В день, когда нога миссис Майерсон должна была переступить порог этого дома, с самого утра еще творилась суматоха. Гостей ждали к чаю, поэтому обед был очень скомкан, еще хорошо, что не перенесен на поздний час. Два повара трудились над приготовлением любимых блюд дочери сэра Файнела: телятина, запеченная под французским белым соусом, суп Brilla, печеная макрель, картофель La maitre d`hotel, седло барашка под соусом Aristocratiqe, абрикосовый пудинг, Уэльский редкий бит (жареный сыр) и рождественский торт. Также разнообразие салатов из овощей, приправленные острыми мясными и рыбными соусами различных способов приготовления.

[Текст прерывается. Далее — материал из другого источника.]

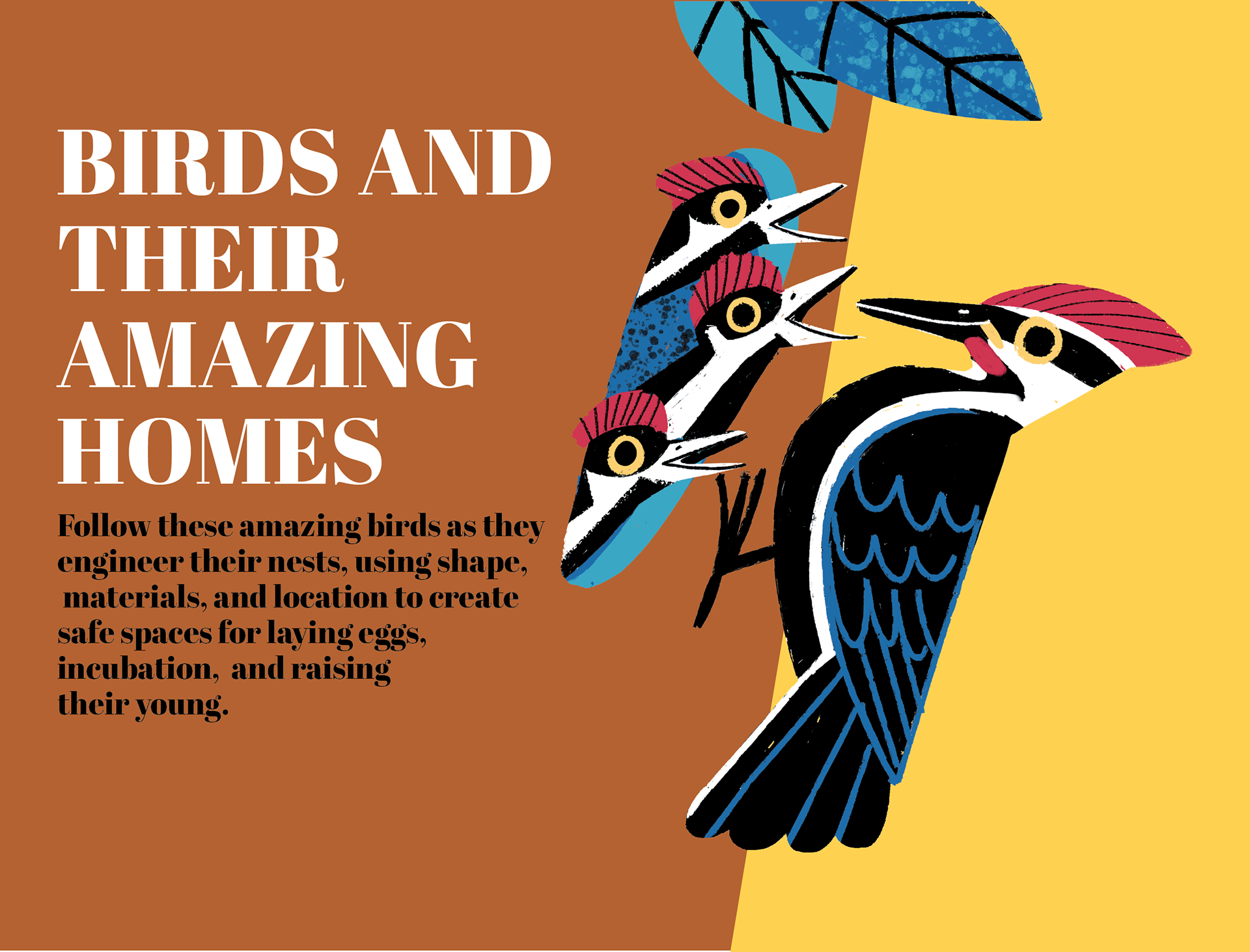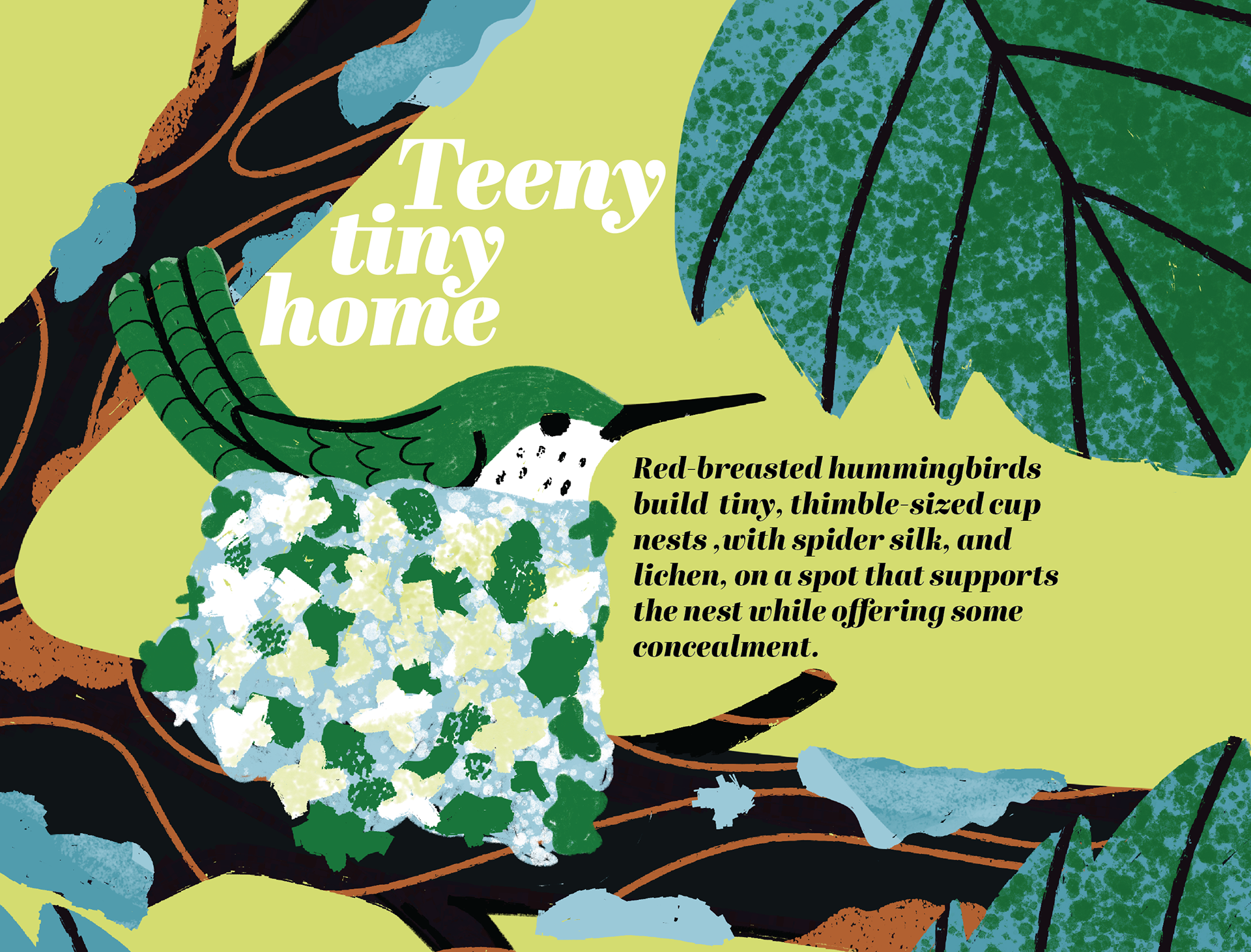 This is a self-initiated project, depicting birds and their different nests.

Для разнообразия готовились: салат с омаром, жареный устрицы под устричным соусом, пирог начиненный кроликом, бифштекс по-турецки, трюфели под итальянским соусом, различные желе, ванильное мороженное, французский рисовый пудинг с вишневым соусом и кофе Noir (сваренное по требованию Мориссона, содержало в себе приличную долю бренди или ликера).

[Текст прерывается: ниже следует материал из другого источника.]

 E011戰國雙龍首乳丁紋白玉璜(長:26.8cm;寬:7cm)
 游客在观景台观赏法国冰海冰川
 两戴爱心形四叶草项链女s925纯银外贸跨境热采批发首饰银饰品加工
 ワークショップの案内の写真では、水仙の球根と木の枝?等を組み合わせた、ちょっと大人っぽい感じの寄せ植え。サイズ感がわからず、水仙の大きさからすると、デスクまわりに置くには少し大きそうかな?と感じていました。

Из некогда детской комнаты, вынесли арфу, к которой вечность никто не прикасался; в гостиной из библиотеки переехало нарядное пианино с изображенными ангелами с обратной стороны крышки. Пригласили несколько музыкантов, которые каждый вечер должны были исполнять любимые мелодии миссис Майерсон.

Все это ужасно раздражало Эмму, с ней, как хозяйкой дома, никто не посоветовался, а еще эта старая служанка, которая теперь без зазрения совести руководила штатом слуг и раздавала им множество поручений. Этим утром леди Файнел с огромным опозданием выпила чашечку чая, ведь даже ее камеристка была отослана по поручению.

— Нет, это уже предел! — отчаянье вырвалось у Эммы, она даже начала хандрить, — В моем доме я забыта слугами, только потому, что старая челядь, от которой любая достопочтенная дама давно бы избавилась, имеет право голоса и, не советуясь, пользуется им.

Последние слова она произнесла, нервно расхаживая по комнате, Диана взялась разливать чай и, молча, с ней соглашалась, а Джулия удобно разместилась на подоконнике с книгой и поглядывала, что творится за пределами этого дома, чтобы сообщить, когда подъедет экипаж.

— … миссис Майерсон — змея, я знаю, зачем она решила погостить, мне давно известны ее коварные планы.

— Душенька моя, — ласково обращалась Диана к сестре, — она ничего не может сделать тебе, ты выше ее по положению, твоя падчерица должна считаться с тобой.

— Нет, я знаю, что задумала моя достопочтенная «приемная доченька».

— Запомни, любое коварство мы постараемся предотвратить, я же с тобой.

— Как хорошо, что ты приехала, мне стоит поблагодарить твою непокорную дочь за это.

Джулия с удивлением уставилась на тетушку:

— Вот уж кого-кого, а Пенелопу благодарить не стоит, она этого не заслужила, — сколько же неприятной горечи прозвучало в этих речах.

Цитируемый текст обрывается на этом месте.